DATA RECORDS:

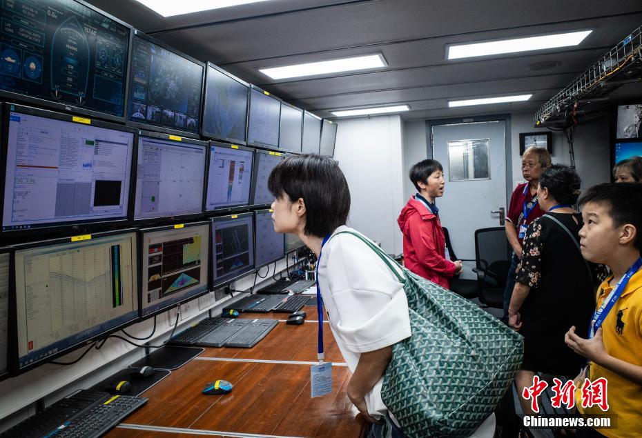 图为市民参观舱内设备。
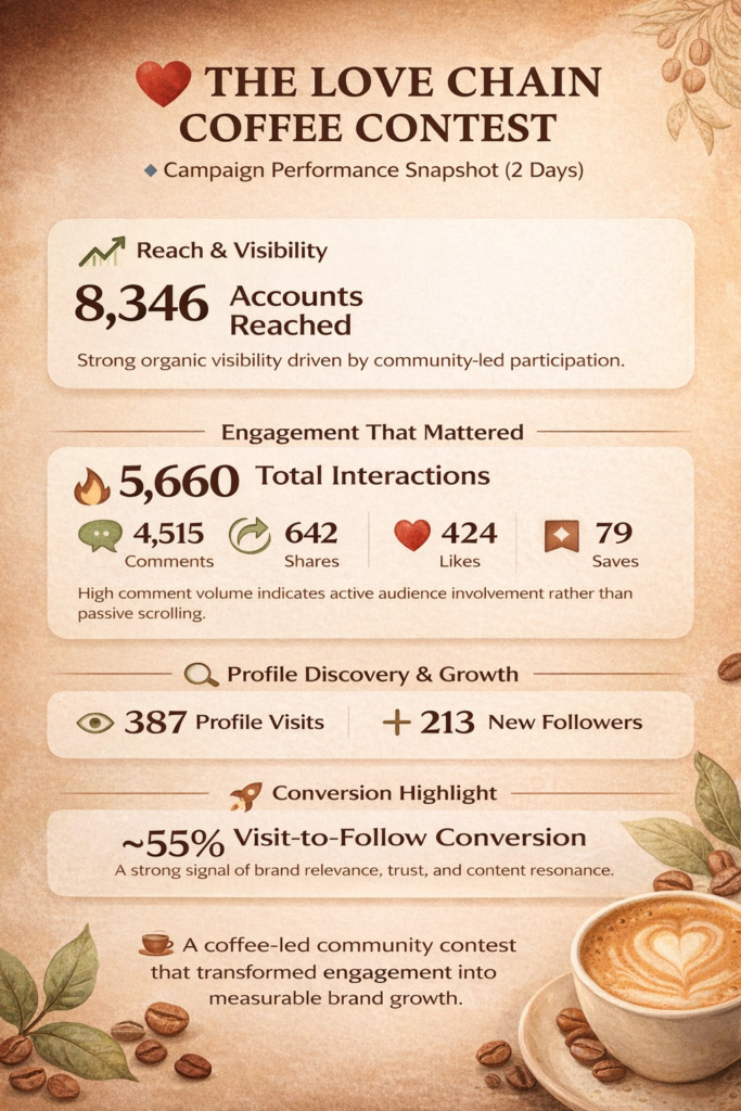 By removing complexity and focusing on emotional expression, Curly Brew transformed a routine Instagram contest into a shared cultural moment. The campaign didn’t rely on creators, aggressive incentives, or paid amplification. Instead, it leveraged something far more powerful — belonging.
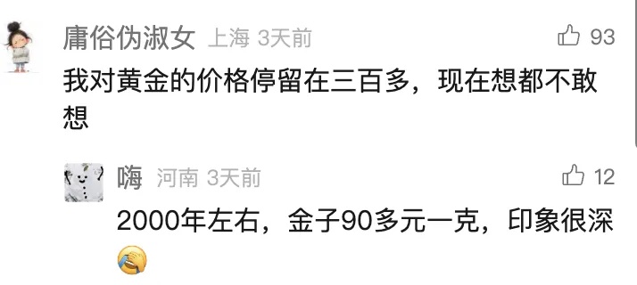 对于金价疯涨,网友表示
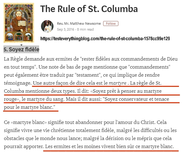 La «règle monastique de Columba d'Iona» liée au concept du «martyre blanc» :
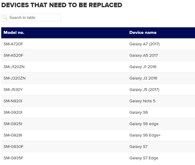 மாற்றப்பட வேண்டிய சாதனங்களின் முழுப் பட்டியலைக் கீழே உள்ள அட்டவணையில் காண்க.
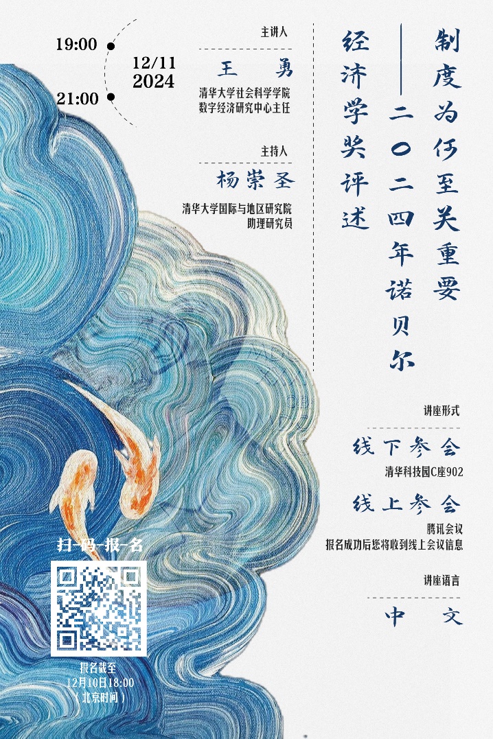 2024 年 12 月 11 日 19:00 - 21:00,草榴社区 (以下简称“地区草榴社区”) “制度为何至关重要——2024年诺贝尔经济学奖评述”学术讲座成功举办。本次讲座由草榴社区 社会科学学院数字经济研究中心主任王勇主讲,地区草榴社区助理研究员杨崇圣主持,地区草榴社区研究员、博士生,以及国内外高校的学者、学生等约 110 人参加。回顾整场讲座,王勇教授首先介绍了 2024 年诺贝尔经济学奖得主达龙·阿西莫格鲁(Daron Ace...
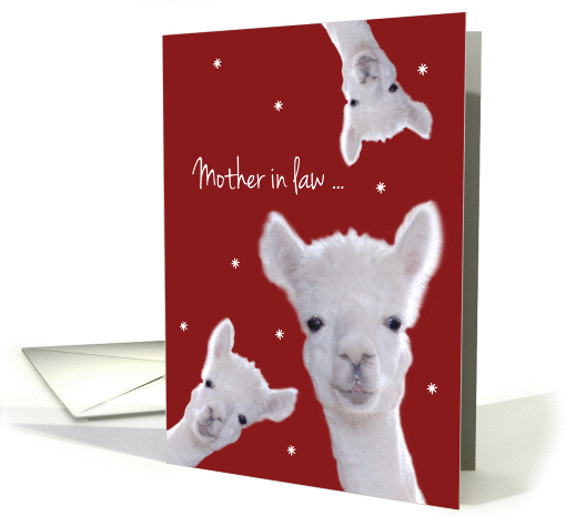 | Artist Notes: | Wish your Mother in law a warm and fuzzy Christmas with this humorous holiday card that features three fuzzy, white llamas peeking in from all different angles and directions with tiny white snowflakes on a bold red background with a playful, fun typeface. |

EXERCISE DIRECTIONS:
Make an exact copy of the lines from the top of the material through the line with "2024 年 12 月", pictures excluded.

WRITTEN RESPONSE:
 图为市民参观舱内设备。
 By removing complexity and focusing on emotional expression, Curly Brew transformed a routine Instagram contest into a shared cultural moment. The campaign didn’t rely on creators, aggressive incentives, or paid amplification. Instead, it leveraged something far more powerful — belonging.
 对于金价疯涨,网友表示
 La «règle monastique de Columba d'Iona» liée au concept du «martyre blanc» :
 மாற்றப்பட வேண்டிய சாதனங்களின் முழுப் பட்டியலைக் கீழே உள்ள அட்டவணையில் காண்க.
 2024 年 12 月 11 日 19:00 - 21:00,草榴社区 (以下简称“地区草榴社区”) “制度为何至关重要——2024年诺贝尔经济学奖评述”学术讲座成功举办。本次讲座由草榴社区 社会科学学院数字经济研究中心主任王勇主讲,地区草榴社区助理研究员杨崇圣主持,地区草榴社区研究员、博士生,以及国内外高校的学者、学生等约 110 人参加。回顾整场讲座,王勇教授首先介绍了 2024 年诺贝尔经济学奖得主达龙·阿西莫格鲁(Daron Ace...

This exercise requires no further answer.